Мефодий был личностью поистине неординарной — даже на мехмате, где заурядные люди встречаются не чаще, чем белые слоны в Заполярье. Злые языки на факультете поговаривали, что до десяти лет наш гений учился в школе для умственно отсталых и только в пятом классе был переведен в Новосибирский физико-математический интернат для особо одаренных детей. Допускаю, что это не более чем сплетня, но, как бы то ни было, Мефодия она характеризует весьма точно, ибо трудно представить себе человека более талантливого, беспомощного и нелепого одновременно. Кстати, его настоящее имя Кирилл, но, по общему мнению моих сокурсников, прозвище Мефодий дает куда более адекватное представление об этой уникальной и несуразной личности.
Возьмем, к примеру, внешность. Тщедушное тельце Мефодия венчала огромная головизна. Тонкая шея не могла выдержать такой колоссальной нагрузки и угрожающе клонилась из стороны в сторону. Когда Мефодий отрывал голову от плеча или от груди, окружающие сдерживали дыхание, боясь услышать громкий хруст позвонков, сломленных, наконец, непосильной ношей. Когда Мефодий шел по улице, слабонервные прохожие вздрагивали и отворачивались. Семеня маленькими ножками, он так раскачивался из стороны в сторону, что казалось, малейшее дуновение опрокинет это неустойчивое сооружение на асфальт и разобьет вдребезги. Если Мефодий переходил через дорогу, сердобольные старушки забывали о собственных немощах и, отбрасывая костыли, неслись наперерез транспортному потоку, чтобы поддержать жалкое хрупкое создание, дерзнувшее ступить на проезжую часть.
Кстати, о проезжей части. Уму непостижимо, каким чудом Мефодий умудрился не кончить свою жизнь под колесами. Он никогда не обращал внимания ни на светофоры, ни на переходы, да и вообще вряд ли отдавал себе отчет в том, куда идет. Вечно погруженный в недоступные простому смертному мысли, он имел обыкновение натыкаться на столбы, деревья, прохожих, детские коляски, скамейки, постовых и бешеных собак. Редкую неделю Мефодий обходился без свежего синяка под глазом или шишки на лбу, и это еще куда ни шло.
Я и впрямь считала Мефодия ошибкой природы, иначе как объяснить, что она наделила могучим математическим гением столь нежизнеспособную особь? А его нежизнеспособность просто била через край. Посуду он ронял, паспорта терял, электроприборы загорались, а то и взрывались у него в руках. Не исключено, что больницы, где Мефодий частенько валялся по поводу очередного воспаления легких или перелома конечностей и ребер, помогали ему выжить — без них он вполне мог умереть от истощения или из-за антисанитарии, ибо пищу Мефодий принимал, только когда перед ним ставили тарелку с едой, а мылся и стирал только под угрозой физической расправы со стороны соседей по общежитию. Человек, привыкший к маломальскому порядку и чистоте, выжить в одной комнате с Мефодием не мог, поэтому в соседи нашему уникуму, как правило, доставались люди самые непритязательные, но и те рано или поздно вставали на дыбы и прибегали к рукоприкладству, чем больно ранили самолюбие гения.

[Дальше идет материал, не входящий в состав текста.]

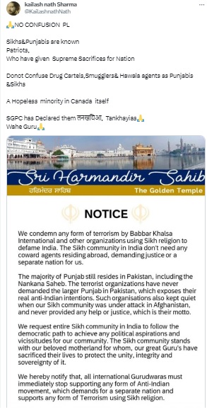 A notice, purportedly from the Golden Temple, Amritsar, has gone viral on social media, amid the escalating tensions between Indian and Canada owing to the Khalistan issue, particularly among a slice of the Sikh diaspora in Canada. The viral notice states that all international gurudwaras must immediately stop supporting any anti-India movement that demands for a separate nation and supports any form of terrorism using the Sikh religion, particularly condemning banned terrorist group Babbar Khalsa International.
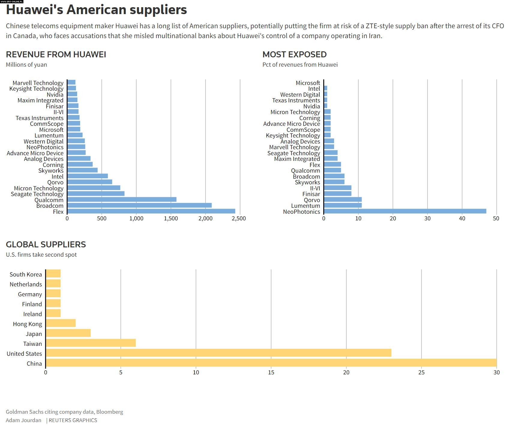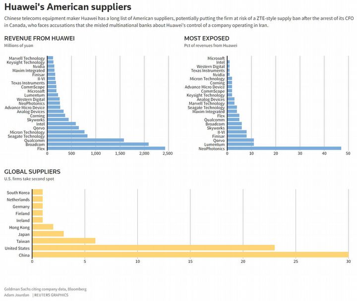 Analitycy firmy Goldman Sachs przedstawili zestawienie amerykańskich firm, które ucierpią na zakazie handlu z chińskim koncernem Huawei. Na liście znalazło się sporo podmiotów kojarzonych z naszą branżą, takich jak AMD, Intel, Microsoft czy Nvidia.

Да, Мефодий был необыкновенно обидчив. Правда, намеков и шуток он не понимал и потому не замечал, но грубую брань или физическое воздействие переносил весьма болезненно. И беспощадно мстил. Обидчик уже никогда не мог рассчитывать, что Мефодий возьмет для него сотню-другую интегралов к зачету, даст списать на контрольной или подскажет на экзамене.
Вообще характер у гения был сложный. Человеку постороннему, возможно, показалось бы, что Мефодий груб и несдержан. Например, на дополнительный вопрос экзаменатора он вполне мог ответить (и отвечал): «Что вы мне голову морочите? Это же элементарно!» Предложение комсорга выйти на субботник вызывало с его стороны такую реакцию: «Еще чего! Нашел дурака!» Если гений звонил по телефону и на том конце провода вежливо отвечали, что интересующего его человека сейчас нет дома, Мефодий взрывался негодованием: «Где он, черт побери, шляется? Срочно разыщите его и передайте, что он мне нужен!» Но этот недостаток лоска в манерах объяснялся вовсе не грубостью, а неопытностью. Дело в том, что светской жизни Мефодий никогда не вел и такие условности, как вежливость, были выше его понимания.
С другой стороны, никто не отказал бы Мефодию в душевной широте. Если вы никогда не пытались силой запихнуть его под душ или заставить вымыть посуду, он с радостью помогал вам разобраться в какой-нибудь мудреной задаче или теореме, а на сопутствующие замечания типа «Это же и дураку ясно!» просто не стоило обращать внимания.
Еще одной отличительной чертой Мефодия было удивительное простодушие. Он безоговорочно верил любой чепухе, которую ему скармливали, — естественно, если дело не касалось математики. Он покорно брел в самую дальнюю на территории университета столовую, если какой-нибудь шутник сообщал ему, что обеды там на пятнадцать копеек дешевле. Он заявлялся на факультет в воскресенье, потому что профессор имярек якобы перенес на этот день свою пятничную лекцию. Он учил к экзамену билеты следующего курса, брился перед занятиями на военной кафедре наголо, сдавал деньги на мелиоративные работы на Марсе и так далее и тому подобное. Такая доверчивость делала Мефодия идеальной мишенью для розыгрышей, но наиболее совестливые шутники на мехмате пользовались ею редко, справедливо полагая, что стыдно потешаться над человеком, обмануть которого проще, чем младенца.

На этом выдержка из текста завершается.